Seventeen prospective and retrospective studies addressed only olfactory disorder (OD). The DOR of OD was 10.37 (95% CI, 6.31–17.05; I2=83.9%) (Fig. 2), and the area under the SROC curve was 0.80 (Fig. 3). An olfactory test alone yielded similar results to OTD with respect to diagnostic accuracy, with a low sensitivity (0.50; 95% CI, 0.34–0.66; I2=97.1%), moderate NPV (0.77; 95% CI, 0.64–0.87; I2=98.8%) and PPV (0.78; 95% CI, 0.66–0.87; I2=93.8%), and a high specificity (0.93; 95% CI, 0.86–0.97; I2=97.2%) (Supplementary Fig. 2). Compared with OTD, OD had a lower sensitivity (0.50 vs. 0.55, P<0.001) but a higher specificity (0.93 vs. 0.91, P=0.0003) and DOR (10.20 vs. 10.37, P<0.001). By contrast, there was no significant difference in NPV (0.77 vs. 0.78, P=0.065) or PPV (0.78 vs. 0.78, P=0.82) between both groups.

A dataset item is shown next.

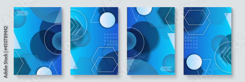 © SyahCreation, Naklejka premium Abstract geometric backgrounds. Neo geo pattern, minimalist retro poster graphics vector illustration set. Abstract pattern trendy with square and round colored

Given the statistical heterogeneity in the accuracy of the diagnosis, both the heterogeneity and the diversity of the enrolled studies had to be taken into account to ensure that there were no significant biases. Thus, a subgroup analysis was performed to analyze the effects of the different measurements of olfactory or taste dysfunction (validated instruments vs. non-validated surveys), severity of COVID-19 symptoms (mild to moderate vs. severe), and ethnicity (Asian vs. Caucasian) on the diagnostic efficacy.
For the OTD data, the validated instruments subgroup comprised only one study, such that a subgroup analysis was not possible. For the OD data, the validated instruments subgroup consisted of three studies, which were then subjected to a subgroup analysis. The validated instruments subgroup tended to be less specific (0.92 vs. 0.93), but the sensitivity (0.79 vs. 0.44), NPV (0.83 vs. 0.76), PPV (0.85 vs. 0.75), and DOR (41.30 vs. 9.02) were higher than in the non-validated instruments subgroup. In the subgroup analysis regarding severity of COVID-19 symptoms, the severe subgroup tended to show lower sensitivity (0.37 vs. 0.61; 0.41 vs. 0.59) and less negative and positive predictive (0.52 vs. 0.82; 0.77 vs. 0.78), but a higher specificity (0.98 vs. 0.89; 0.97 vs. 0.87) and negative and positive predictive (0.94 vs. 0.73; 0.85 vs. 0.74) than the mild to moderate subgroup for OTD and OD, respectively. A subgroup analysis regarding ethnicity was not possible, because only one study was conducted among Asian patients.
Diagnostic accuracy of other otolaryngologic symptoms and general symptoms
Other otolaryngologic symptoms, such as nasal symptoms and sore throat, were of low diagnostic accuracy (sensitivity, 20%; specificity, 74%–80%; NPV, 62%–75%; PPV, 22%–30%; AUC, 0.46–0.54). There were no significant associations between these symptoms and the prevalence of COVID-19. However, sore throat (DOR, 0.66; 95% CI, 0.38–1.15) tended to be negatively related to COVID-19 positivity (Table 1).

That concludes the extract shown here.